Scan is Zip? Laziness and recursion strike again!

The charm and humour of Haskellers is evident from "hello world": except it's not really your usual "hello world", but the fibonacci sequence. Take a look at this stellar list of genius!

Limited by my level of talent, my favourite has always been the version with zipWith,

fibs = 0 : 1 : zipWith (+) fibs (tail fibs)

Which is followed by two implementations with scanl,

fibs = scanl (+) 0 (1:fibs)
fibs = 0 : scanl (+) 1 fibs

Notice how fibs is used recursively for its own definition? Crazy right? This works because of lazy evaluation, a quality at the very core of Haskell.

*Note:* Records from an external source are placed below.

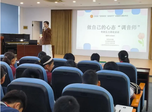 2025年11月10日 来源: 石泉路街道近期,由普陀区妇联指导,街道妇联承办的“苏河好家·协同共育”项目走进兰田中学,为同学们带来了一场别开生面的考前心理调适讲座——“做自己的心态调音师”,帮助大家在关键时期学会与压力共处,激发内在学习潜能。
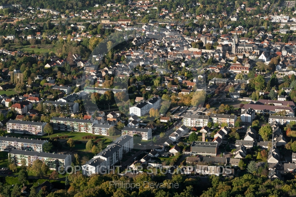 Photo aérienne de Dourdan 91410, vue du Sud-Ouest de Dourdan, Avenue d Olrleans département de l Essonne au coeur de l Hurepoix , Région Île de France, France - Date de prise de vue le 14 octobre 2014
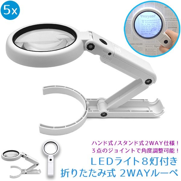 折りたたみ式 2WAY ルーペ LED8灯 ハンド式/スタンド式 5倍/11倍
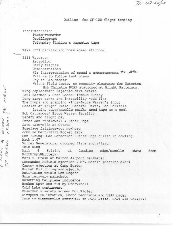 narrative of timeline for flight tests for CF100 Canuck

I never paid much attention to the close proximity in the placement of these examples, but this week while going through the CryptoPals challenges with my gifted colleagues at Atlassian, I accidentally came to the realisation there might be an equivalence between zipWith and scanl; specifically, scanl can be written in terms of zipWith as follows,

scanlz :: (a -> b -> a) -> a -> [b] -> [a]
scanlz f z0 xs = let zs = z0 : zipWith f zs xs in zs

If I may also steal the test cases for scanl right from here, the results are exact matches.

ghci> scanlz (+) 0 [1..4]
ghci> scanlz (+) 42 []
ghci> scanlz (-) 100 [1..4]
ghci> scanlz (\reversedString nextChar -> nextChar : reversedString) "foo" ['a', 'b', 'c', 'd']
ghci> take 10 (scanlz (+) 0 [1..])
ghci> take 1 (scanlz undefined 'a' undefined)

The intriguing thing is scanz seems to be updating zs along each invocation of f, as would be the case with impure implementations such as zs.append(f(z, x)). This is actually not too far from the facts: the result of f(z, x) is indeed appended to zs just in the nick of time, not through mutation, but lazy evaluation of the "thunk" created by zipWith.

Equational reasoning helps us unfailingly in such tricky situations. We can follow the execution of zipWith and f by finding the parameter values: for the first iteration of zipWith f zs xs, f will receive the first x and z0 (because it's the "head" of zs); the result z1 becomes the second element of zs, and is fed into the second iteration, so on and so forth.

Words may fail but digrams less likely so, and this typical illustration of fold, with a bit of harmless alignment, shows us how close it is to zip!

zip is scan

Needless to say, for what could have been obvious to more seasoned Haskellers, I am pleased with this finding through my own exploration.